I'd like the entries reproduced exactly, with the images omitted.

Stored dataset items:
● ● ● ● ●

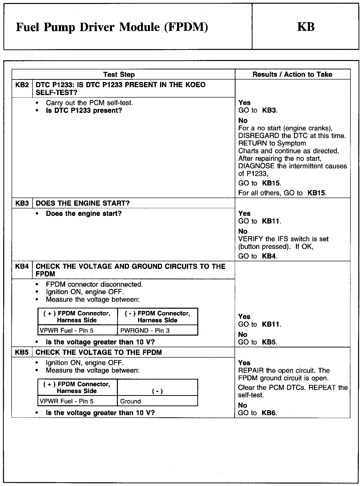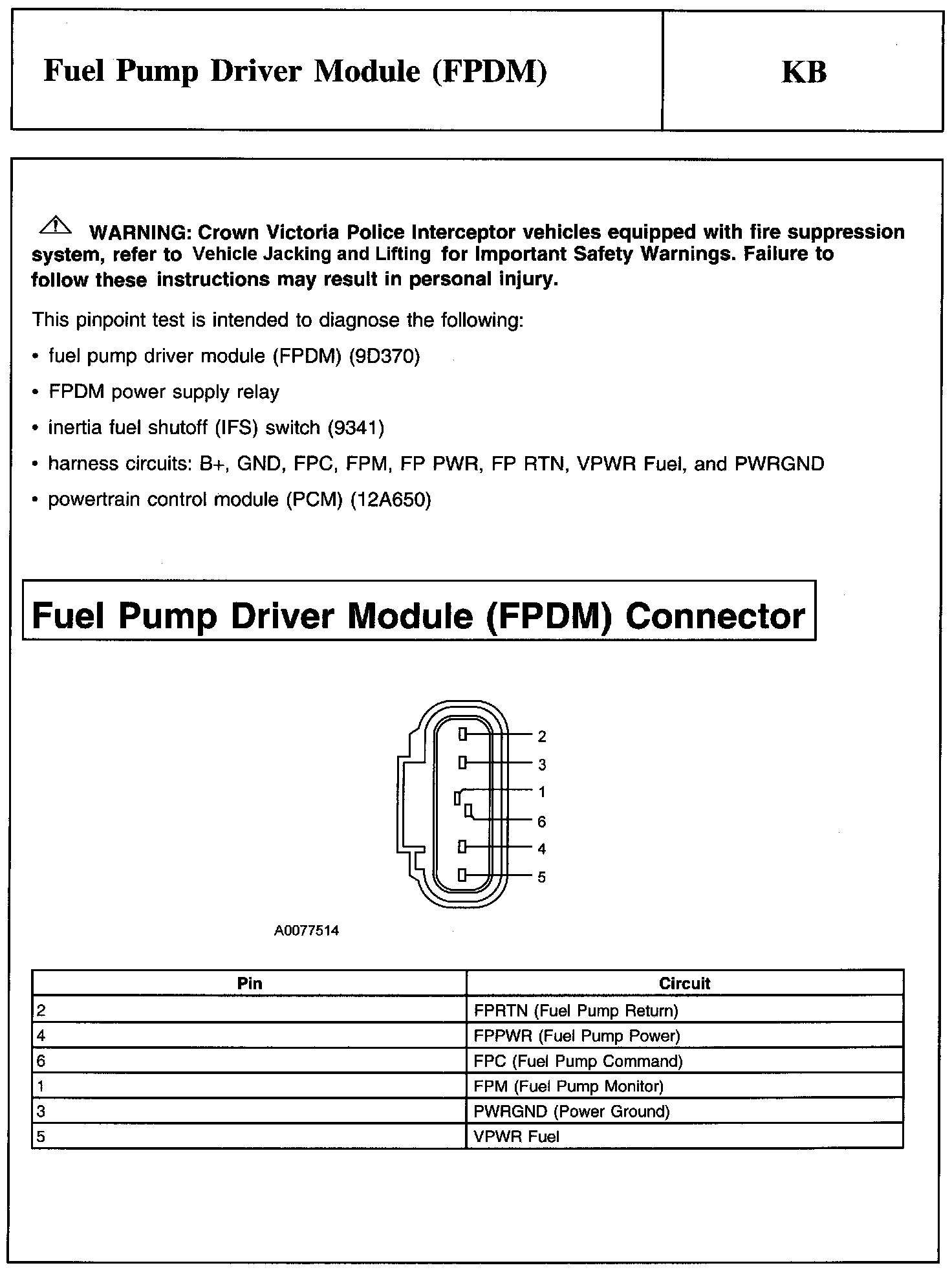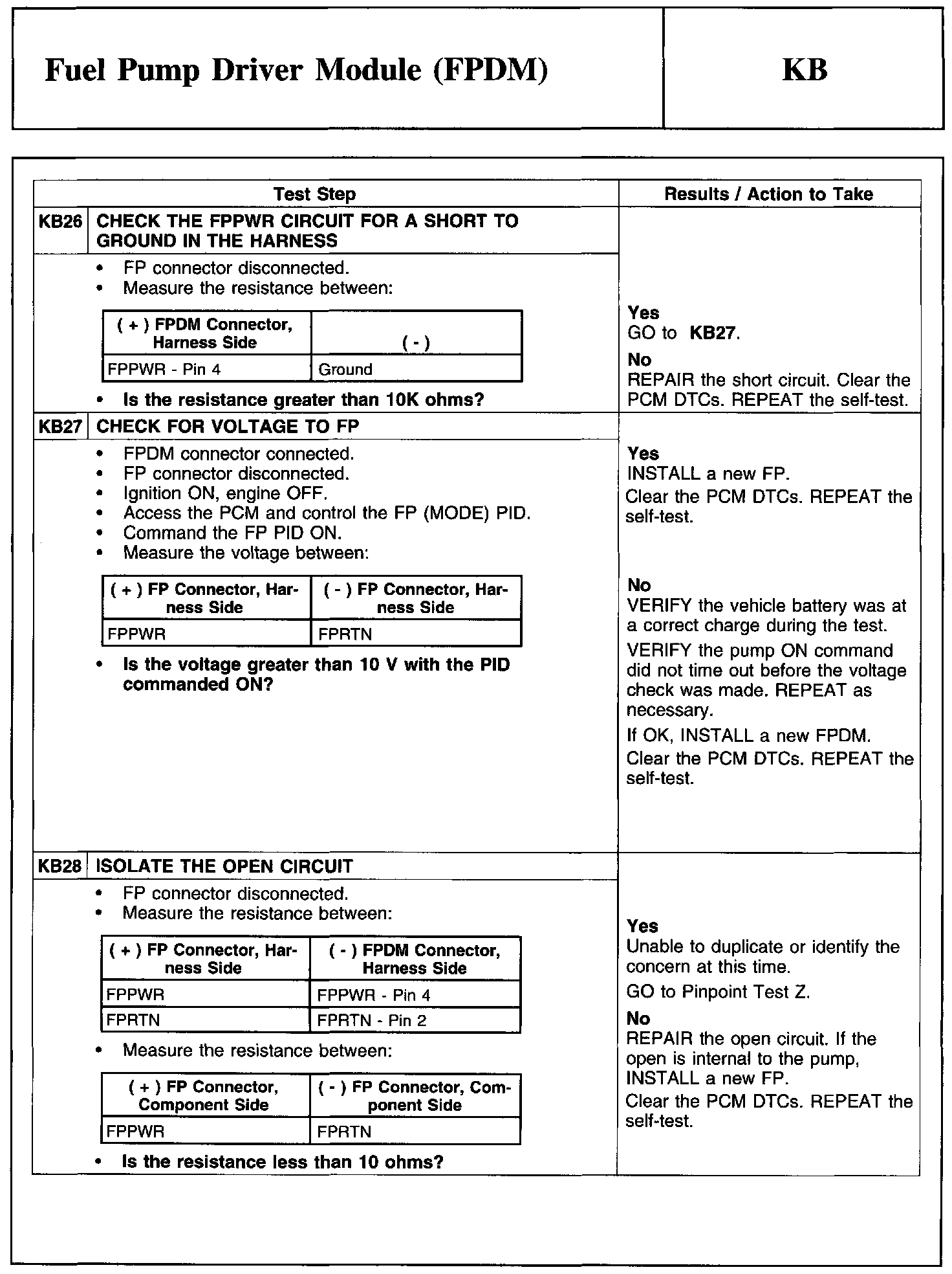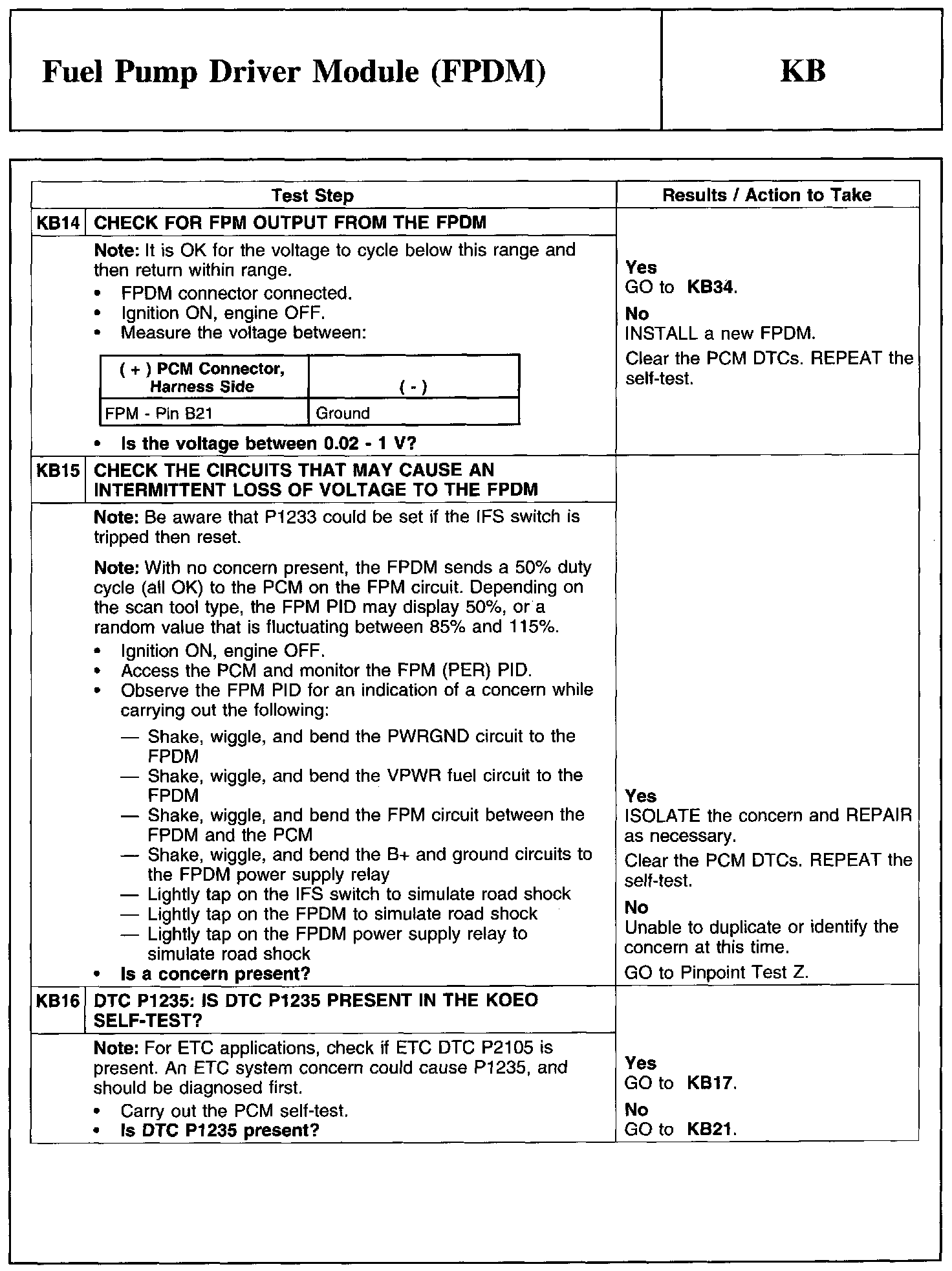 Test KB: Fuel Pump Driver Module (FPDM)
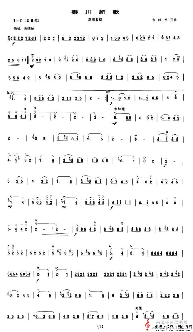 曲谱图网为您提供秦川新歌(高音板胡简谱胡琴谱)找谱子,就上曲谱图网。
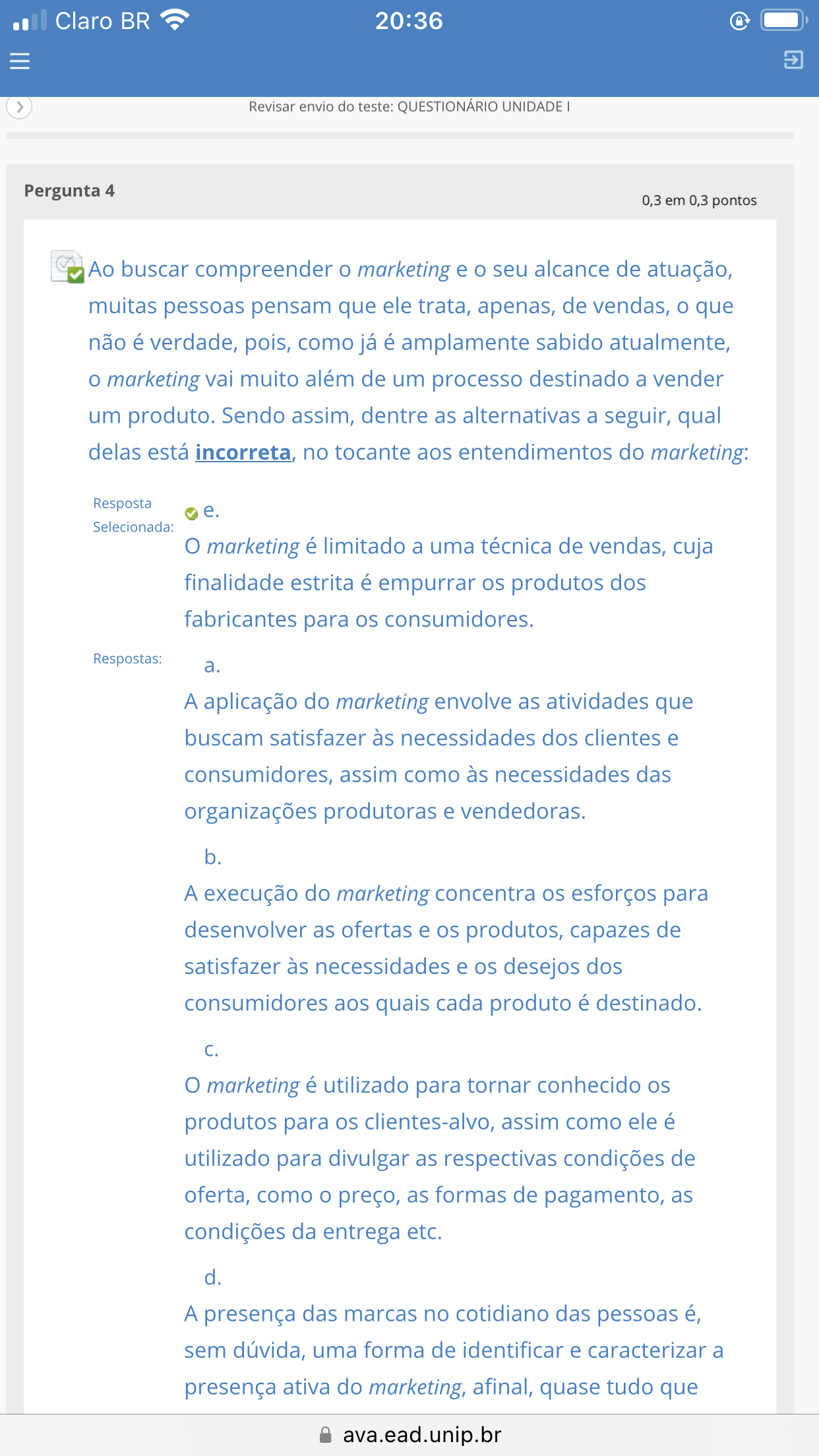 Claro BR 20:36 Revisar envio do teste: QUESTIONÁRIO UNIDADE Pergunta 4 0,3 em 0,3 pontos Ao buscar compreender marketing e seu alcance de atuação, muitas pessoas pensam que ele trata, apenas, de vendas, o que não é verdade, pois, como já é amplamente sabido atualmente, marketing vai muito além de um processo destinado a vender um produto. Sendo assim, dentre as alternativas a seguir, qual delas está incorreta, no tocante aos entendimentos do marketing: Resposta e. Selecionada: marketing é limitado a uma técnica de vendas, cuja finalidade estrita é empurrar os produtos dos fabricantes para os consumidores. Respostas: a. A aplicação do marketing envolve as atividades que buscam satisfazer às necessidades dos clientes e consumidores, assim como às necessidades das organizações produtoras e vendedoras. b. A execução do marketing concentra os esforços para desenvolver as ofertas e os produtos, capazes de satisfazer às necessidades e os desejos dos consumidores aos quais cada produto é destinado. C. marketing é utilizado para tornar conhecido os produtos para os clientes-alvo, assim como ele é utilizado para divulgar as respectivas condições de oferta, como preço, as formas de pagamento, as condições da entrega etc. d. A presença das marcas no cotidiano das pessoas é, sem dúvida, uma forma de identificar e caracterizar a presença ativa do marketing, afinal, quase tudo que ava.ead.unip.br
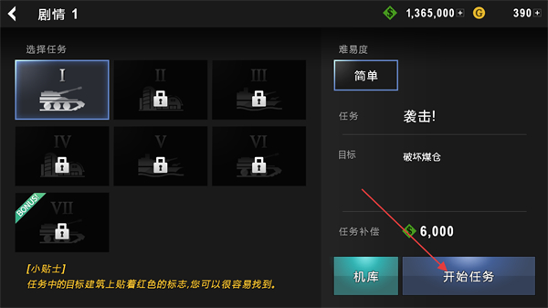 1、选择剧情1任务,点击开始任务进入袭击!任务,目标是破坏坏仓。
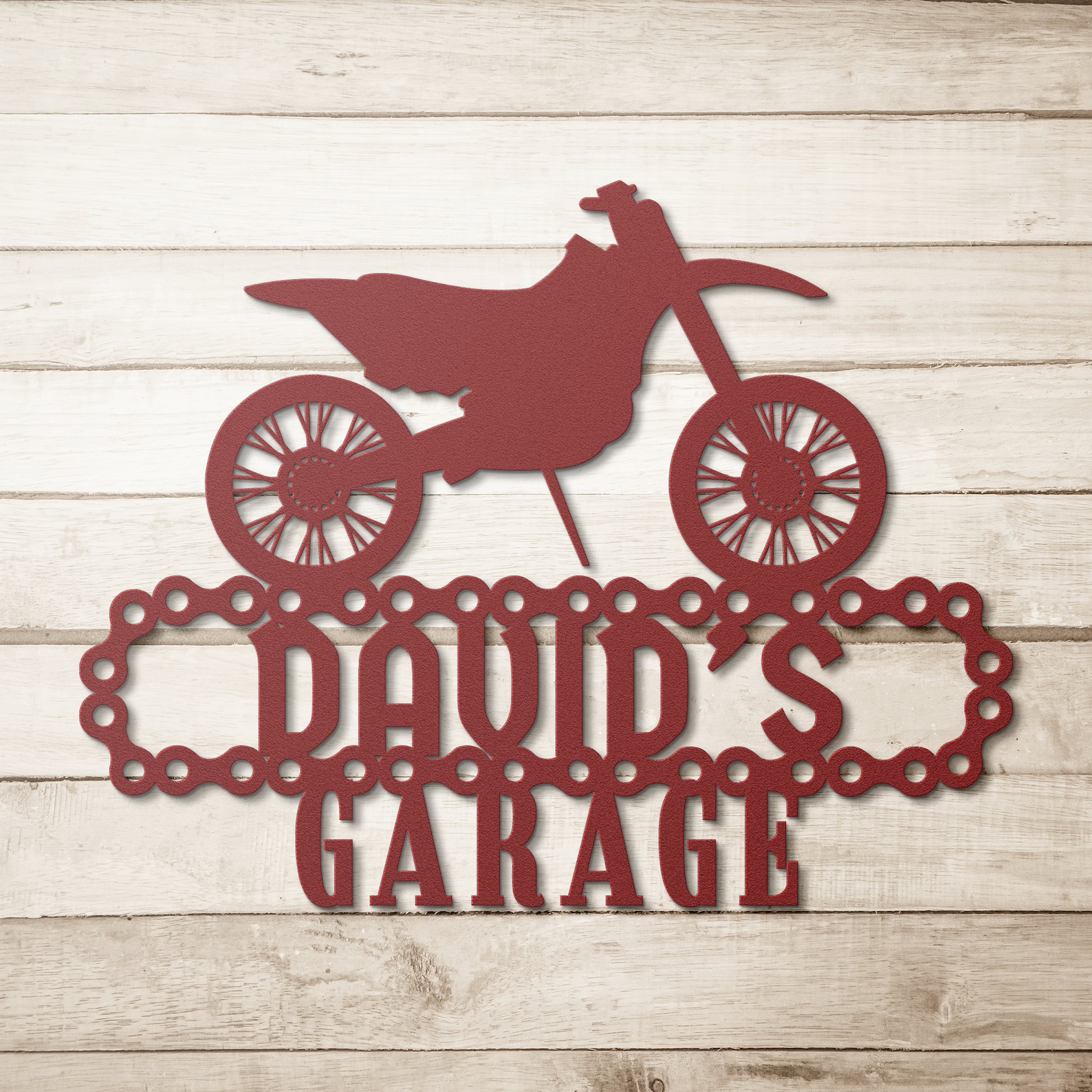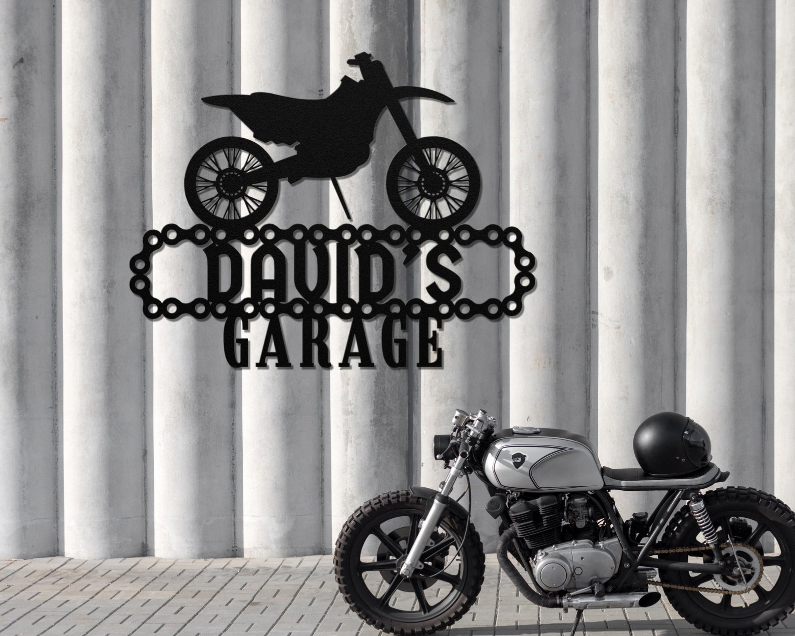 Add a unique touch to your garage or workshop with this Custom Motorcycle Metal Sign. This personalized biker name sign is the perfect addition to any Harley enthusiast9;s space, making it a great housewarming gift. Constructed with high-quality metal, this durable sign is designed to last for years to come. Showcase your love for motorcycles and personalize your space with this one-of-a-kind garage sign.

● ● ● ● ●

Exercise result:
 Test KB: Fuel Pump Driver Module (FPDM)
 曲谱图网为您提供秦川新歌(高音板胡简谱胡琴谱)找谱子,就上曲谱图网。
 Claro BR 20:36 Revisar envio do teste: QUESTIONÁRIO UNIDADE Pergunta 4 0,3 em 0,3 pontos Ao buscar compreender marketing e seu alcance de atuação, muitas pessoas pensam que ele trata, apenas, de vendas, o que não é verdade, pois, como já é amplamente sabido atualmente, marketing vai muito além de um processo destinado a vender um produto. Sendo assim, dentre as alternativas a seguir, qual delas está incorreta, no tocante aos entendimentos do marketing: Resposta e. Selecionada: marketing é limitado a uma técnica de vendas, cuja finalidade estrita é empurrar os produtos dos fabricantes para os consumidores. Respostas: a. A aplicação do marketing envolve as atividades que buscam satisfazer às necessidades dos clientes e consumidores, assim como às necessidades das organizações produtoras e vendedoras. b. A execução do marketing concentra os esforços para desenvolver as ofertas e os produtos, capazes de satisfazer às necessidades e os desejos dos consumidores aos quais cada produto é destinado. C. marketing é utilizado para tornar conhecido os produtos para os clientes-alvo, assim como ele é utilizado para divulgar as respectivas condições de oferta, como preço, as formas de pagamento, as condições da entrega etc. d. A presença das marcas no cotidiano das pessoas é, sem dúvida, uma forma de identificar e caracterizar a presença ativa do marketing, afinal, quase tudo que ava.ead.unip.br
 1、选择剧情1任务,点击开始任务进入袭击!任务,目标是破坏坏仓。
 Add a unique touch to your garage or workshop with this Custom Motorcycle Metal Sign. This personalized biker name sign is the perfect addition to any Harley enthusiast9;s space, making it a great housewarming gift. Constructed with high-quality metal, this durable sign is designed to last for years to come. Showcase your love for motorcycles and personalize your space with this one-of-a-kind garage sign.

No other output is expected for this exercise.